On top of these challenges, the lack of controls over ASM commerce can mean a significant loss in tax and royalty revenue for national treasuries.
MORE THAN 40 MILLION PEOPLE GLOBALLY ARE DIRECTLY INVOLVED IN ASM AND AT LEAST A FURTHER 130 MILLION OTHERS WORK IN RELATED INDUSTRIES
Working Together to Formalise the Industry
Given the growing importance of the ASM sector to the global mineral supply, governments, large-scale miners (LSMs) and international organisations are beginning to work together to formalise the industry.
While there is no one solution, a pioneering example of how this can be achieved is being played out in South America, in one of its poorest countries, Bolivia, which is rich in mineral resources.
A geological phenomenon that needs little introduction, the Cerro Rico (Spanish for rich mountain) is the largest silver deposit the world has ever known, yielding an estimated 60,000 tons of silver since its discovery in 1545.

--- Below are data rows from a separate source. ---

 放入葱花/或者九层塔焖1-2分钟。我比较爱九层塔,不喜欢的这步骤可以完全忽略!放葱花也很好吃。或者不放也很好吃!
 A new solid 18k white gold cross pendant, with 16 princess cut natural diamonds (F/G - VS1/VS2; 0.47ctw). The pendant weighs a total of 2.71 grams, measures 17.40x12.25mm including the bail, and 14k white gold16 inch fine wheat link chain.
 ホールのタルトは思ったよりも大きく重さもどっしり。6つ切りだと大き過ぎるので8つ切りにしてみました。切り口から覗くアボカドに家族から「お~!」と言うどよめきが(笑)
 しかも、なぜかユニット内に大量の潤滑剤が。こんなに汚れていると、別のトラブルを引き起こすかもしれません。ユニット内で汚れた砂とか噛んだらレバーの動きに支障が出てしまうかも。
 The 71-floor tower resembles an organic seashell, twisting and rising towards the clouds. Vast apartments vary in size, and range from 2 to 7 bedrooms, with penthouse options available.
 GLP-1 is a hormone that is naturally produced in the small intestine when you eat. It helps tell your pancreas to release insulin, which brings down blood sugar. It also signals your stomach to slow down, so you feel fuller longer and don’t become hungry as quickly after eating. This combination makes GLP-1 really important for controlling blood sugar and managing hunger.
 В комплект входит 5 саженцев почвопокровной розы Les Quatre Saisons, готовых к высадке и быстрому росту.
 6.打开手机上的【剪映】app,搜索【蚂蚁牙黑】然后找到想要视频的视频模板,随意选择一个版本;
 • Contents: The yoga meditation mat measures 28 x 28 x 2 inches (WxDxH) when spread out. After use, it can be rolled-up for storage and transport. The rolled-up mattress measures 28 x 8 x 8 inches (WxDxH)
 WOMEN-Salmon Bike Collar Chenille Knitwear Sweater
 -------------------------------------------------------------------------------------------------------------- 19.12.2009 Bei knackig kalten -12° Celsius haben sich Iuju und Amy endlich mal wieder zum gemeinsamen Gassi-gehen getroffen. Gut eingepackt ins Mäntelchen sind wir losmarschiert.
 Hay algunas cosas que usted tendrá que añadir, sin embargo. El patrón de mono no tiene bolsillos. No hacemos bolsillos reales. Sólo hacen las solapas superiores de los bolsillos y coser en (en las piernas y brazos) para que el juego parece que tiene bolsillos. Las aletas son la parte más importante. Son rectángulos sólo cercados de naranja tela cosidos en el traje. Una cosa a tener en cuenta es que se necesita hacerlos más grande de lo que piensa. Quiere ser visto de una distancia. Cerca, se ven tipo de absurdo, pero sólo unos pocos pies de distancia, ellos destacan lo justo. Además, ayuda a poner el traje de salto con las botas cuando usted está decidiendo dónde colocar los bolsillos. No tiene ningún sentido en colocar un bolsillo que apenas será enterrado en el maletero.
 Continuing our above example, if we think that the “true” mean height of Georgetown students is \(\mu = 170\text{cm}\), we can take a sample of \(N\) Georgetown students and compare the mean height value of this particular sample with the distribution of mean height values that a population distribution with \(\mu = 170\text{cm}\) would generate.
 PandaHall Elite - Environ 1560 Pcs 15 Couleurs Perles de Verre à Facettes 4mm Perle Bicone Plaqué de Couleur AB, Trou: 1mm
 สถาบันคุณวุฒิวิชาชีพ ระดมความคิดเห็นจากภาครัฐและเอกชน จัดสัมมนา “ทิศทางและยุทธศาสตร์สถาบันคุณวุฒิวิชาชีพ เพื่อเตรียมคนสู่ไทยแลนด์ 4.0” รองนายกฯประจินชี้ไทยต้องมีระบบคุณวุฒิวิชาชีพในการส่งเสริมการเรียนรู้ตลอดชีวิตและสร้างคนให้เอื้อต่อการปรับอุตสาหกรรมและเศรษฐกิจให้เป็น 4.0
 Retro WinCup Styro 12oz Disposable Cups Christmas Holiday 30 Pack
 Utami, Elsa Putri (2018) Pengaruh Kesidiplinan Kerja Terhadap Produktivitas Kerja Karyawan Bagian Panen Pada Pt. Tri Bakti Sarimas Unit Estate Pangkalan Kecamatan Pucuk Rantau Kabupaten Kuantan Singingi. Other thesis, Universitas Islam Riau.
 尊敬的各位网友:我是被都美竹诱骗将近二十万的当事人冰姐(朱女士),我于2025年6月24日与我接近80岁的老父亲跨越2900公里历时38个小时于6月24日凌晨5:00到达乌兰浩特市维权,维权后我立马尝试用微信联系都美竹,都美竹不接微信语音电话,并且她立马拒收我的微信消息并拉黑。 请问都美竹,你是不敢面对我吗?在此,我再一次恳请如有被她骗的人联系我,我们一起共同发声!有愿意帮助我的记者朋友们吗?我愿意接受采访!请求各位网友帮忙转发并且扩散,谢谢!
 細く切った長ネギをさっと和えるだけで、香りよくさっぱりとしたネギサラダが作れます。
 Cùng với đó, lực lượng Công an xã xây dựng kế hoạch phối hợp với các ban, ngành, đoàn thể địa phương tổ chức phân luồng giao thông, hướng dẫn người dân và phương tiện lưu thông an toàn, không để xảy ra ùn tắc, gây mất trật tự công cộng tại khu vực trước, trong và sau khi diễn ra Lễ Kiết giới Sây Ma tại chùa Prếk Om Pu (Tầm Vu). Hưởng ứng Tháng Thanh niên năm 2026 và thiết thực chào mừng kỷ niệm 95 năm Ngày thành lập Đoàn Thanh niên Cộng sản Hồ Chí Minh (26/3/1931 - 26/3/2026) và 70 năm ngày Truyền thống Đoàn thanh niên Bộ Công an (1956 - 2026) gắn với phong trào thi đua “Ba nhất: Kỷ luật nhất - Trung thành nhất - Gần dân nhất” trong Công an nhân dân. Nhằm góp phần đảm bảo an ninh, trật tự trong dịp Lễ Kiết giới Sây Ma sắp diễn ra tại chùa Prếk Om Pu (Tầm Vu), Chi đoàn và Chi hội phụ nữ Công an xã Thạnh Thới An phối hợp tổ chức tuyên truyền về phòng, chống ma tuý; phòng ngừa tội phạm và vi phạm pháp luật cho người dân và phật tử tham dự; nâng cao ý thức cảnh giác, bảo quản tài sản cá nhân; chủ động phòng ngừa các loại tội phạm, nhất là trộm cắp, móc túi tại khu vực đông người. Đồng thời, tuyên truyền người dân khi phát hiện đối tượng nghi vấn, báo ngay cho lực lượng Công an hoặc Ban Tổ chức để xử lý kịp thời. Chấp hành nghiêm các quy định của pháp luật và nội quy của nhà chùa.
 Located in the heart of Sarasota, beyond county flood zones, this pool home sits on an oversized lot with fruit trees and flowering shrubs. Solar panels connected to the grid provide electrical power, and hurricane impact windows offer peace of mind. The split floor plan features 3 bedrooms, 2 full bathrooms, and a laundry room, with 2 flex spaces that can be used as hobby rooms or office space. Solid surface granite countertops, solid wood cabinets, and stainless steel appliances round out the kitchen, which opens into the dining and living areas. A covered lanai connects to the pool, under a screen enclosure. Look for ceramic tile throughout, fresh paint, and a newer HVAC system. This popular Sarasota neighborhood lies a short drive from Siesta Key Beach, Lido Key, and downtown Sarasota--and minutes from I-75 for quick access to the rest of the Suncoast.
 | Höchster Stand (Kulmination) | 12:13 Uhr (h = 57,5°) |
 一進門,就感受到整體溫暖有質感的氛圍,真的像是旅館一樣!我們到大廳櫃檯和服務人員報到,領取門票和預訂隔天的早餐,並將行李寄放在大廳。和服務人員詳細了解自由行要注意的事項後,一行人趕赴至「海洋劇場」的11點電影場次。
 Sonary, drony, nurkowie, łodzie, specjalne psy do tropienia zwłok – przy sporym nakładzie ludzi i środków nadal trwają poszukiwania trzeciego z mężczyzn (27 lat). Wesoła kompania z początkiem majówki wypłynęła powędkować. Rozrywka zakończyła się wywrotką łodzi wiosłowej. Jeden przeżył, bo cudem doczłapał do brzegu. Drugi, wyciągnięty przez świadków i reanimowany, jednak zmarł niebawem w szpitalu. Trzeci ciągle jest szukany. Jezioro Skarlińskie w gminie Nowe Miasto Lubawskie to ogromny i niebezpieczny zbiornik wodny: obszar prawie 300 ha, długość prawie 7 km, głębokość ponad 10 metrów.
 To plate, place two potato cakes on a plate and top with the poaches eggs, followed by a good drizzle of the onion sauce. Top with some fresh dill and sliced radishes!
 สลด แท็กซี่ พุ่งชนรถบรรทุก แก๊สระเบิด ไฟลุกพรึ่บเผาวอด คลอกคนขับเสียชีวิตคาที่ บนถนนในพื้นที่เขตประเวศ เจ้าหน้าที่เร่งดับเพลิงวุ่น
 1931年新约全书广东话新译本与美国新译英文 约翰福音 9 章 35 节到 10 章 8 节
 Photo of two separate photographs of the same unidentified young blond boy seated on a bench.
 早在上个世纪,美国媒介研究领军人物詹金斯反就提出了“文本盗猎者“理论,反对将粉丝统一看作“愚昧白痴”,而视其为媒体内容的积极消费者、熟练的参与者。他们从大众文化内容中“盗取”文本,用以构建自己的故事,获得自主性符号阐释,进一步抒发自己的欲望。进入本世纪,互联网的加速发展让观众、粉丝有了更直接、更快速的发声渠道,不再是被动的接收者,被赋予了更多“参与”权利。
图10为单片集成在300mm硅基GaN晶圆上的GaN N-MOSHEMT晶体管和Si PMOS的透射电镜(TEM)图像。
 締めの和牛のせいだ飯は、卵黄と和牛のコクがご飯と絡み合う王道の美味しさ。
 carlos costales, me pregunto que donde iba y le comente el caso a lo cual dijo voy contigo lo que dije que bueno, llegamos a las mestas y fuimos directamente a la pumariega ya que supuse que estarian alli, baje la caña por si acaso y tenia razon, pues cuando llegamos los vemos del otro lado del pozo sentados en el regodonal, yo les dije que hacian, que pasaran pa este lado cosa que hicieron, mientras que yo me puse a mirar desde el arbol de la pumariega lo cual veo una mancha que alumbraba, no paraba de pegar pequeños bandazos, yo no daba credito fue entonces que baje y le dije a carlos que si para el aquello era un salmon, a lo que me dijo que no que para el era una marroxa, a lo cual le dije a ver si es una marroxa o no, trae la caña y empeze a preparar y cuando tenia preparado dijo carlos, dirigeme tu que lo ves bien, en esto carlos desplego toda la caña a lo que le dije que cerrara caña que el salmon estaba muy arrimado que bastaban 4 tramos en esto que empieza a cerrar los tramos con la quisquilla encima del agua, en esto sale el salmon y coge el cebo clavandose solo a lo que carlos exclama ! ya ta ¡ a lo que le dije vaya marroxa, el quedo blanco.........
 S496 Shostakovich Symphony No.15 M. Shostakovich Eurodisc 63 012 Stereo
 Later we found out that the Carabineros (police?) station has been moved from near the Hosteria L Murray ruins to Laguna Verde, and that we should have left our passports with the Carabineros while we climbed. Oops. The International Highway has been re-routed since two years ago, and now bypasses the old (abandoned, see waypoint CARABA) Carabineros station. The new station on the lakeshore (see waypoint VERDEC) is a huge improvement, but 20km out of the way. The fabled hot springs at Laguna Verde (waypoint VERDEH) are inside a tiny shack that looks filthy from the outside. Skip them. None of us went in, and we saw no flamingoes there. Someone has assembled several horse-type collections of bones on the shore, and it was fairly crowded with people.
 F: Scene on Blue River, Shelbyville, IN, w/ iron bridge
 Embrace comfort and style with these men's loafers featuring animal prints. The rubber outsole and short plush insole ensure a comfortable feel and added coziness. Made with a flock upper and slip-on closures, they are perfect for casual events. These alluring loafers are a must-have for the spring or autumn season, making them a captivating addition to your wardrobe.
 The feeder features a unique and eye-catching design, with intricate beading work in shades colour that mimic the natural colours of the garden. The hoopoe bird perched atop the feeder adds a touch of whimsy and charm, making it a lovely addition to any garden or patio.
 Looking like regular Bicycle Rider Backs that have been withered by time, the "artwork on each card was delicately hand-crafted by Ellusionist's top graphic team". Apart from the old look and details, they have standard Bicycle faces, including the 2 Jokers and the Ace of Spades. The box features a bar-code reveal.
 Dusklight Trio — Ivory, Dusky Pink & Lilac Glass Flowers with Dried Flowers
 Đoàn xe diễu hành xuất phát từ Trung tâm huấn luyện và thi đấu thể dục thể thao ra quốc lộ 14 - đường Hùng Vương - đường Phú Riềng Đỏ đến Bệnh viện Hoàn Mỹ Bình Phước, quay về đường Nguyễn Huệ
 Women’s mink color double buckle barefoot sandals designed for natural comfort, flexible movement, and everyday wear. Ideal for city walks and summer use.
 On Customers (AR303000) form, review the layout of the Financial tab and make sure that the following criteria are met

After 400 years of active mining, in 1952, all of Bolivia’s largest and most important mines, including Cerro Rico de Potosi, were nationalised.
Since that watershed moment in Bolivia’s history, the Cerro Rico de Potosi, along with all the other mineral resources of the country, has been owned by the citizens of Bolivia, with the government acting as custodian. While mining on the mountain was initially undertaken by the state mining company, the Corporación Minera de Bolivia (Comibol), the tin crisis of 1985 forced Comibol into bankruptcy and effectively set the stage for artisanal mining to flourish.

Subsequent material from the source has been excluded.